START DATA SECTION

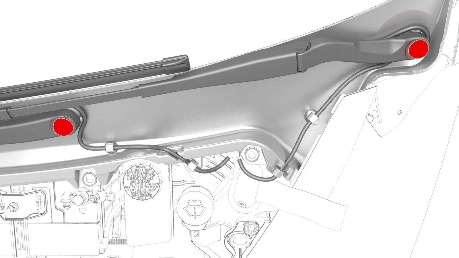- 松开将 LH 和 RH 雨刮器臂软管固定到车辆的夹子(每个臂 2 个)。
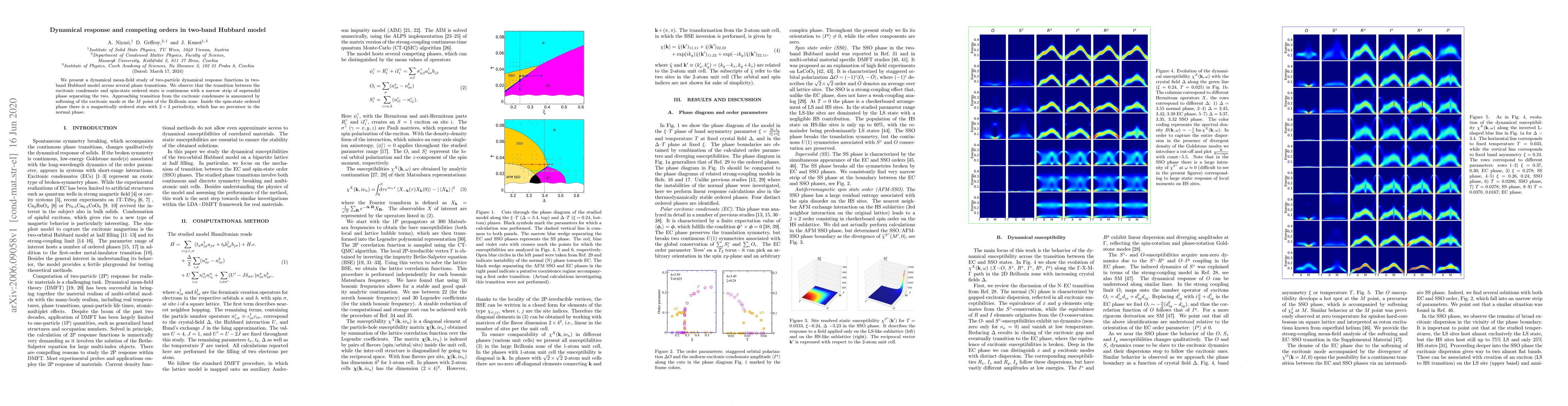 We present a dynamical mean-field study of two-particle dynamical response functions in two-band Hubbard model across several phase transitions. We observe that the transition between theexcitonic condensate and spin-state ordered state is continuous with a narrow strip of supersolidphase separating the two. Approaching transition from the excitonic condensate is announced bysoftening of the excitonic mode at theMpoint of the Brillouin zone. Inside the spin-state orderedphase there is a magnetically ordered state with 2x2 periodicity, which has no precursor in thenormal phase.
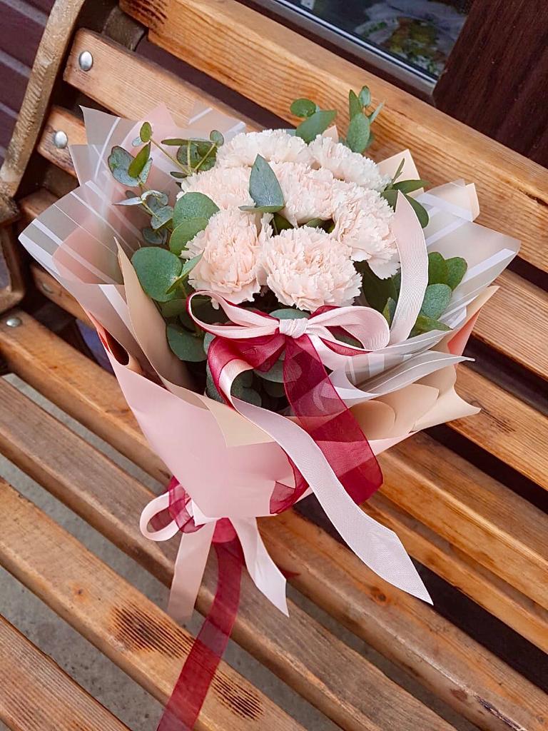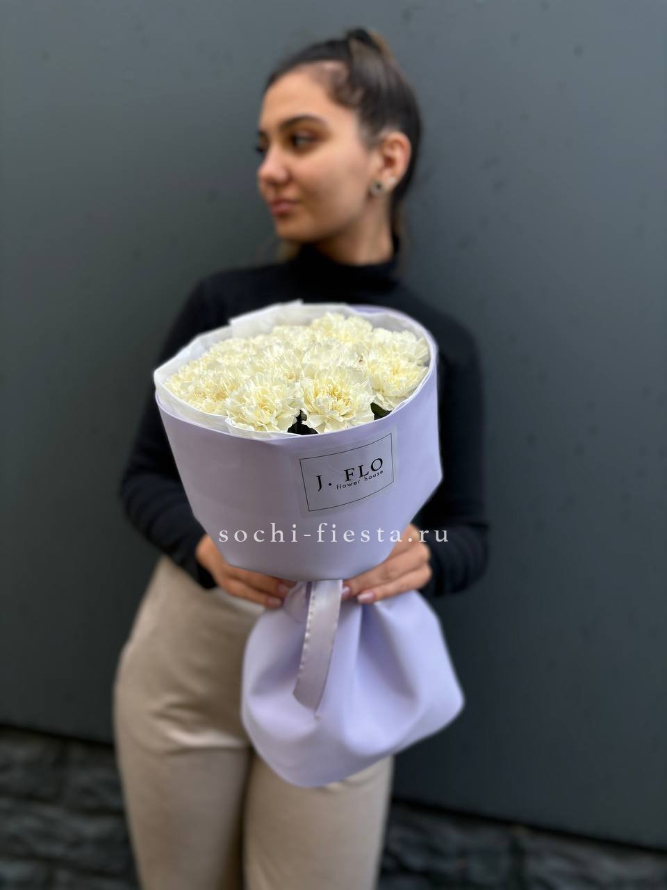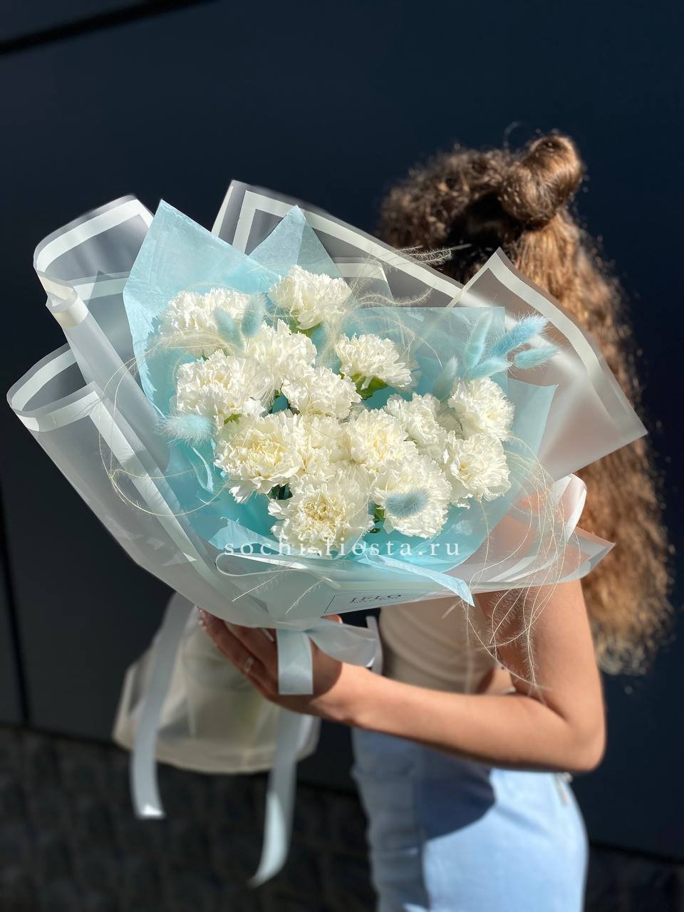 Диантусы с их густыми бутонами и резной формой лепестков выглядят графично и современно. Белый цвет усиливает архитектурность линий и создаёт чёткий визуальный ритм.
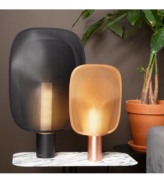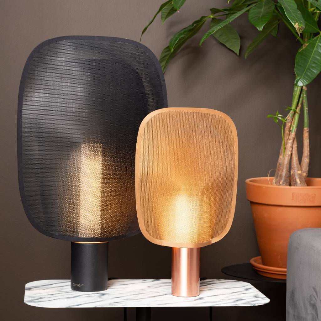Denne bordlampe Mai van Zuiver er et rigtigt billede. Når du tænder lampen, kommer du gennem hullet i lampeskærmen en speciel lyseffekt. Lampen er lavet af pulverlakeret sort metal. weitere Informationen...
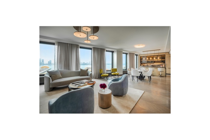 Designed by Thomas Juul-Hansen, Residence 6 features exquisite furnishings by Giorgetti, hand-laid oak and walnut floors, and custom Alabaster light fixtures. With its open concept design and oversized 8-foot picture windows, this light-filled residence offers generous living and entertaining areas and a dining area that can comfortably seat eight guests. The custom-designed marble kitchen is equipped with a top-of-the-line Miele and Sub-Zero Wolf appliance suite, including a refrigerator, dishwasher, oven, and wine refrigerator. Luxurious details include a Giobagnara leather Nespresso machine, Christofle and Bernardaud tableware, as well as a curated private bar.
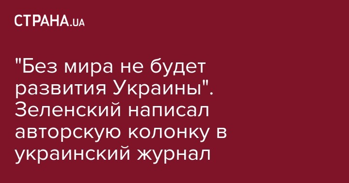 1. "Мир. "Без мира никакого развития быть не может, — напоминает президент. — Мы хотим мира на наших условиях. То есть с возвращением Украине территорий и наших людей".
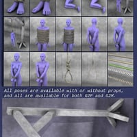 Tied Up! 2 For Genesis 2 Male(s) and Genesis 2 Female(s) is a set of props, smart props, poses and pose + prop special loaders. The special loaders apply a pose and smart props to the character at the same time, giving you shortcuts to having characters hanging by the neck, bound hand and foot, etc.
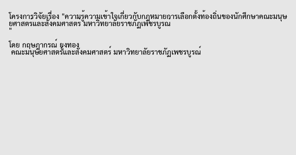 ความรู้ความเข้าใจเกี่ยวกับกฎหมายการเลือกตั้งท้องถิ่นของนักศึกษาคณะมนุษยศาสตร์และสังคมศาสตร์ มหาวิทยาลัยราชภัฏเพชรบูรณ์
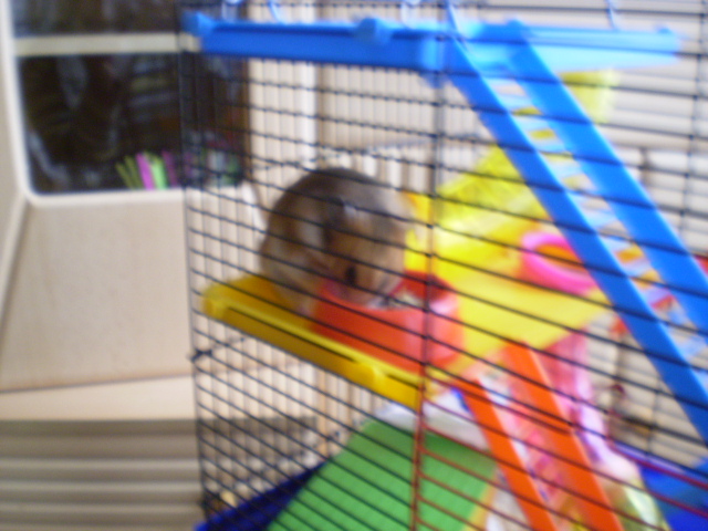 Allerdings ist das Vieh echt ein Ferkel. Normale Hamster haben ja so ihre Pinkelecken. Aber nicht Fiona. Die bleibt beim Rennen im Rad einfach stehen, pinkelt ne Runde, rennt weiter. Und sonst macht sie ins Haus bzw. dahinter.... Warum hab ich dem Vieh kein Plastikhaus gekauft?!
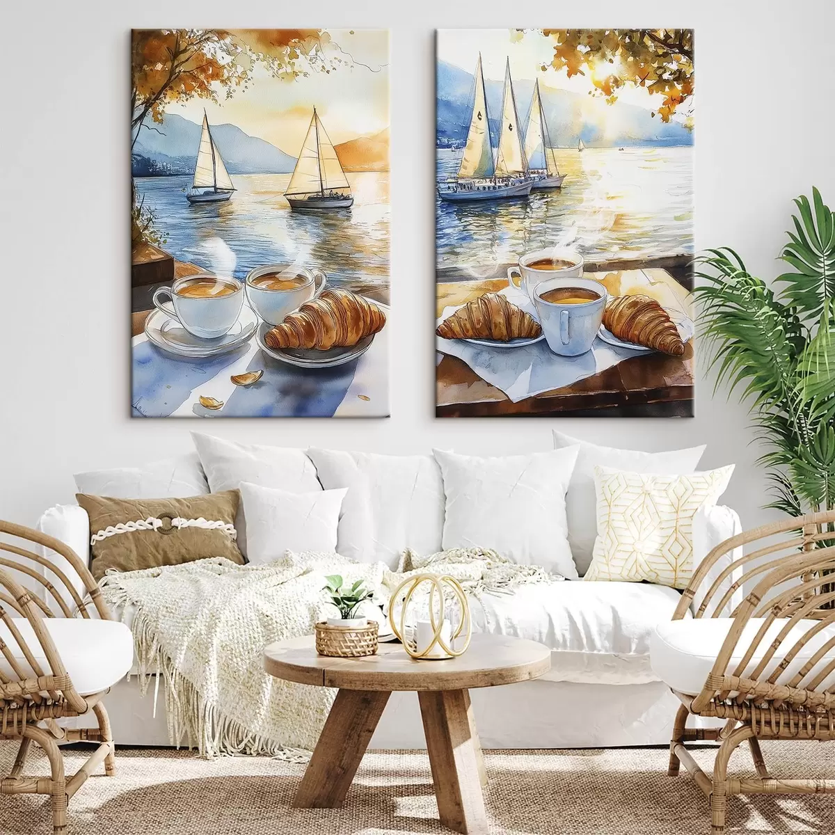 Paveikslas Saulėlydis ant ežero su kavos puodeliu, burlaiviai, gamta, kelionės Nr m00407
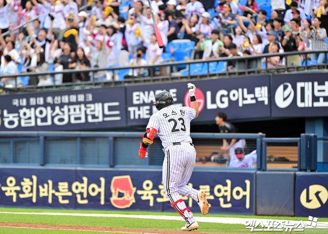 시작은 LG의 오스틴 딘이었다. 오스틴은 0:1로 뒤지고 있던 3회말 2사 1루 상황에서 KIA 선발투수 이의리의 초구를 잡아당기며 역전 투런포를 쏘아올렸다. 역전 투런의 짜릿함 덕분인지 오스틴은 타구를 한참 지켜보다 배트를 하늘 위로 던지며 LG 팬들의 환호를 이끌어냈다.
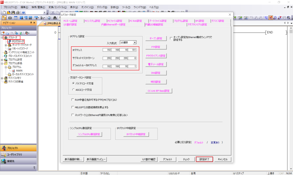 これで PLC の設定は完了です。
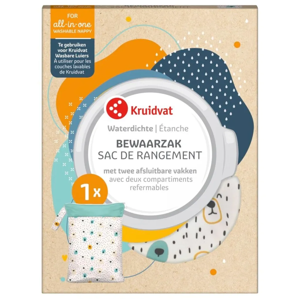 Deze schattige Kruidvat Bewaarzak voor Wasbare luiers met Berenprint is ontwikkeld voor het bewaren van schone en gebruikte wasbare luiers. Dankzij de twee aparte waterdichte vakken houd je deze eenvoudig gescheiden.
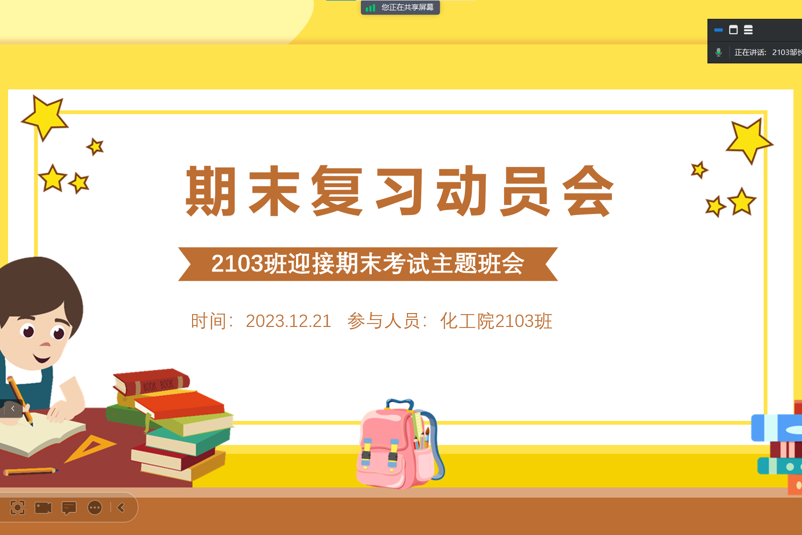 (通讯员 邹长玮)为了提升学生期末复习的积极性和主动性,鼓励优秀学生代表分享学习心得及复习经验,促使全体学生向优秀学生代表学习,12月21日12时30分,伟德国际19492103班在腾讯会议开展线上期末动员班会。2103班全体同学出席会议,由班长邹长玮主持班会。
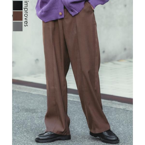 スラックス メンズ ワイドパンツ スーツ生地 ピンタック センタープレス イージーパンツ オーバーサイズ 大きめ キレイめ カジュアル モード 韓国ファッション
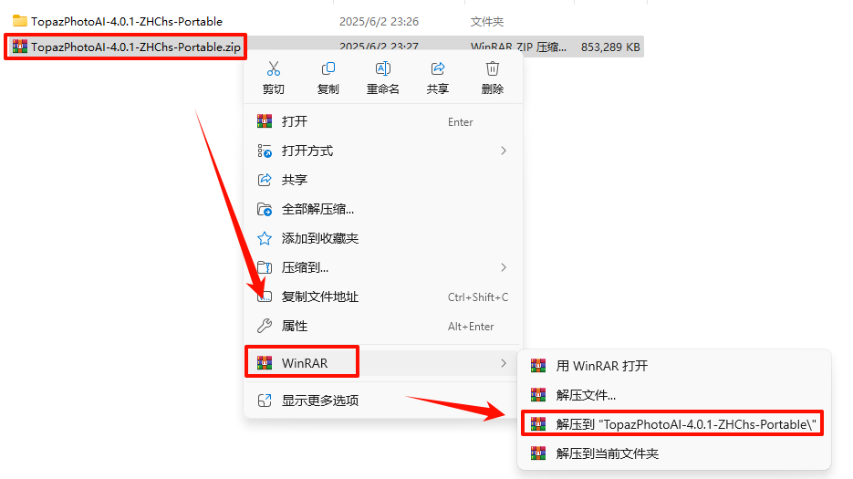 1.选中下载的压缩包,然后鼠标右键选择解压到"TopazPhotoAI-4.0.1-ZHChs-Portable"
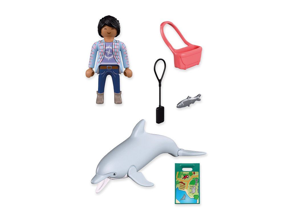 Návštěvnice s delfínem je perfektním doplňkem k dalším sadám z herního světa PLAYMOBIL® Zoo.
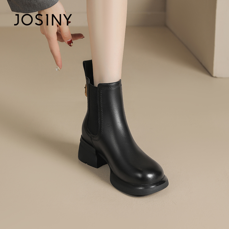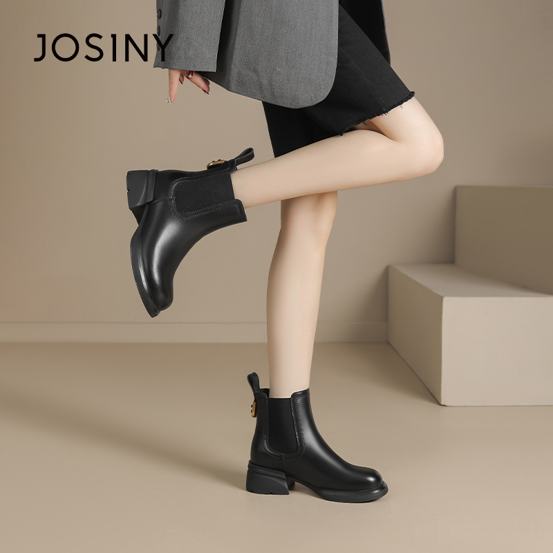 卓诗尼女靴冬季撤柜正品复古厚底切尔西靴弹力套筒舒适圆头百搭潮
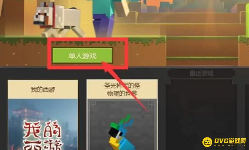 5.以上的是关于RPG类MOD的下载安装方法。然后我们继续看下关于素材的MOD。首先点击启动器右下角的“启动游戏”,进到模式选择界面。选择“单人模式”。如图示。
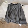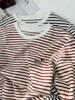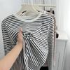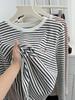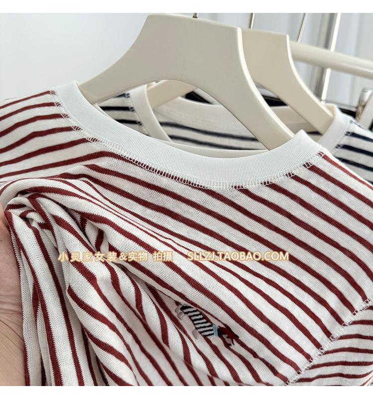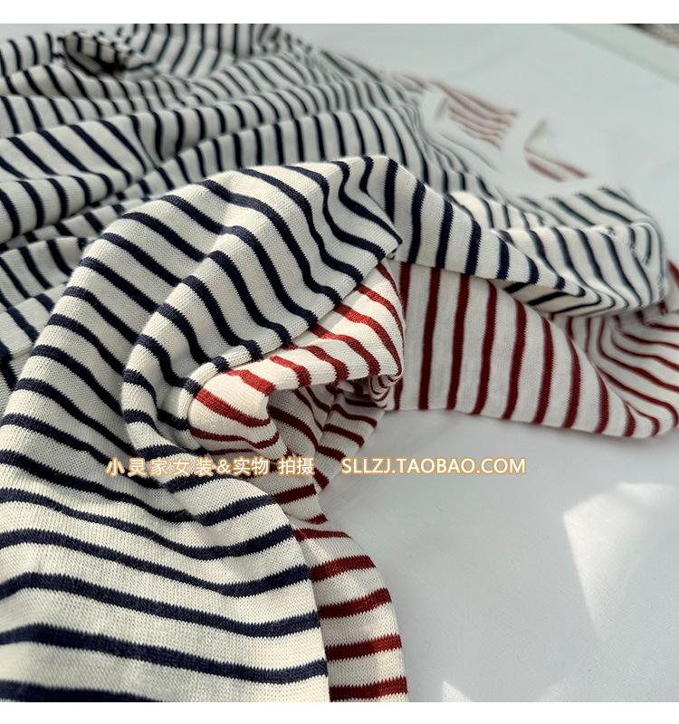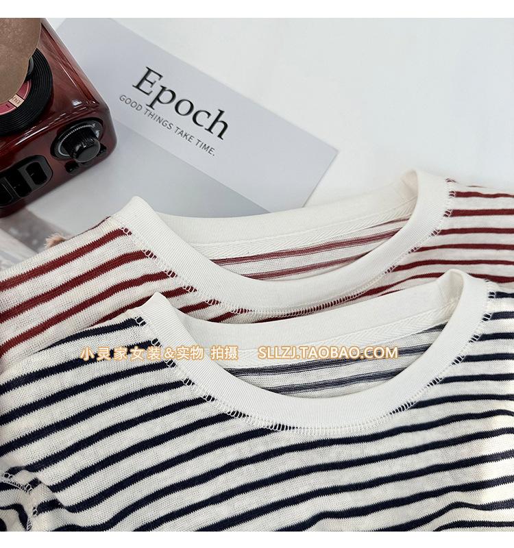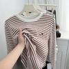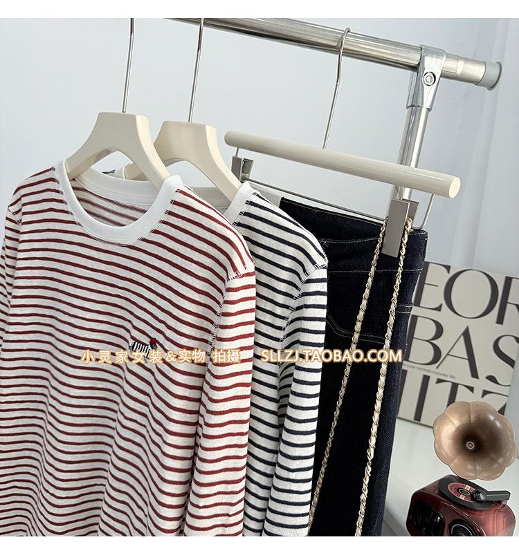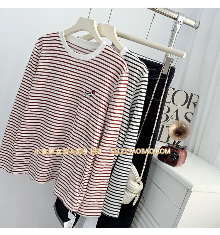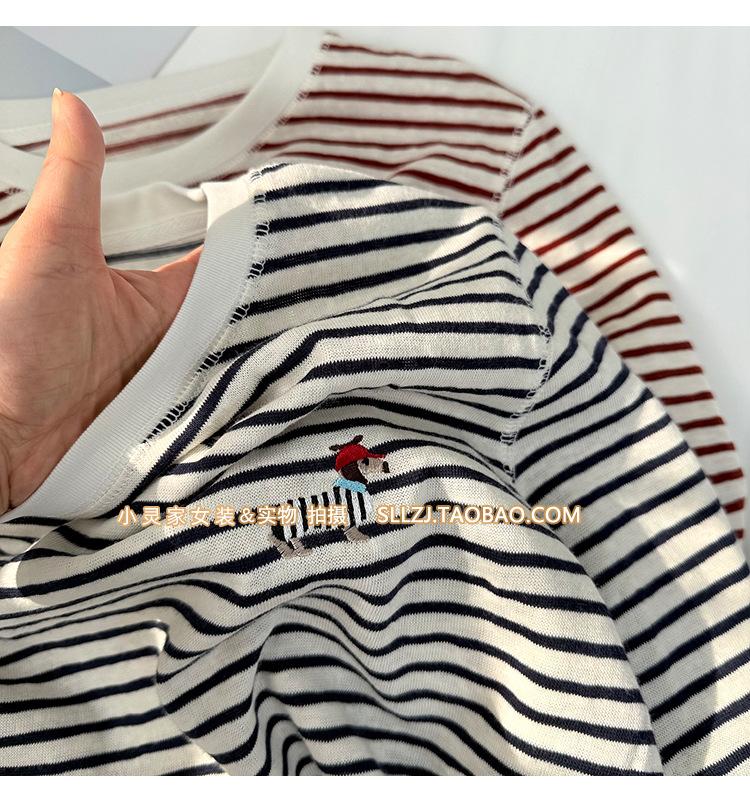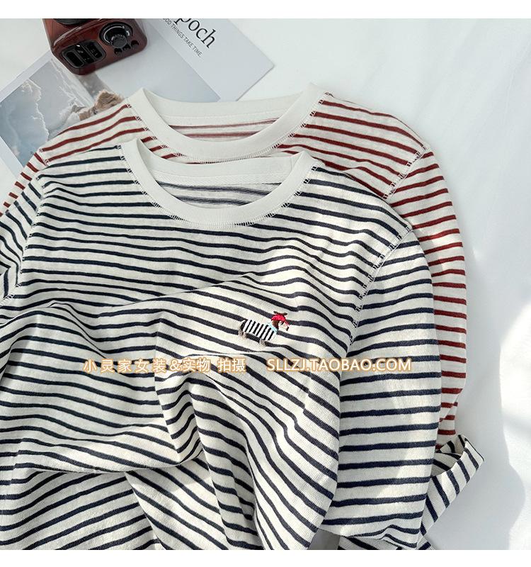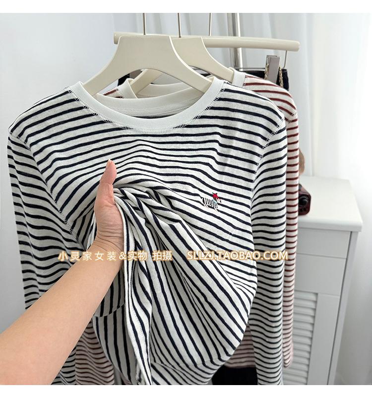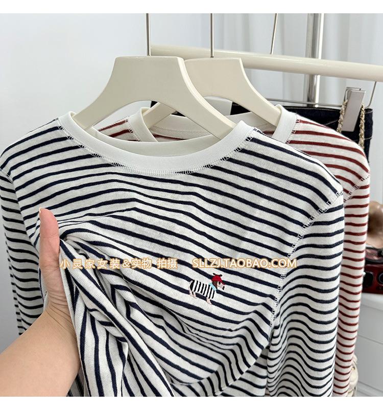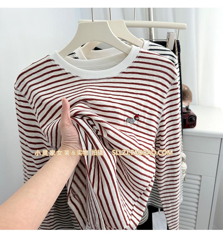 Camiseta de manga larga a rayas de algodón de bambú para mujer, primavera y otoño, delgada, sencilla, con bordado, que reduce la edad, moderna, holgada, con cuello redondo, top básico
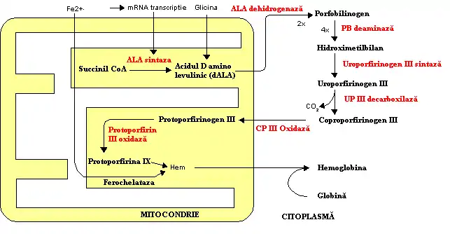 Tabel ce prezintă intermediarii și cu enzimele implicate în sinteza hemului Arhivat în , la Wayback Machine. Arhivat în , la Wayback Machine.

END DATA SECTION

◆ **TASK ITEM**
Reproduce exactly, with no pictures, the lines above from the one holding "Allerdings ist das" to the one holding "Deze schattige Kruidvat", inclusive.

◆ **WRITTEN SOLUTION**
 Allerdings ist das Vieh echt ein Ferkel. Normale Hamster haben ja so ihre Pinkelecken. Aber nicht Fiona. Die bleibt beim Rennen im Rad einfach stehen, pinkelt ne Runde, rennt weiter. Und sonst macht sie ins Haus bzw. dahinter.... Warum hab ich dem Vieh kein Plastikhaus gekauft?!
 Paveikslas Saulėlydis ant ežero su kavos puodeliu, burlaiviai, gamta, kelionės Nr m00407
 시작은 LG의 오스틴 딘이었다. 오스틴은 0:1로 뒤지고 있던 3회말 2사 1루 상황에서 KIA 선발투수 이의리의 초구를 잡아당기며 역전 투런포를 쏘아올렸다. 역전 투런의 짜릿함 덕분인지 오스틴은 타구를 한참 지켜보다 배트를 하늘 위로 던지며 LG 팬들의 환호를 이끌어냈다.
 これで PLC の設定は完了です。
 Deze schattige Kruidvat Bewaarzak voor Wasbare luiers met Berenprint is ontwikkeld voor het bewaren van schone en gebruikte wasbare luiers. Dankzij de twee aparte waterdichte vakken houd je deze eenvoudig gescheiden.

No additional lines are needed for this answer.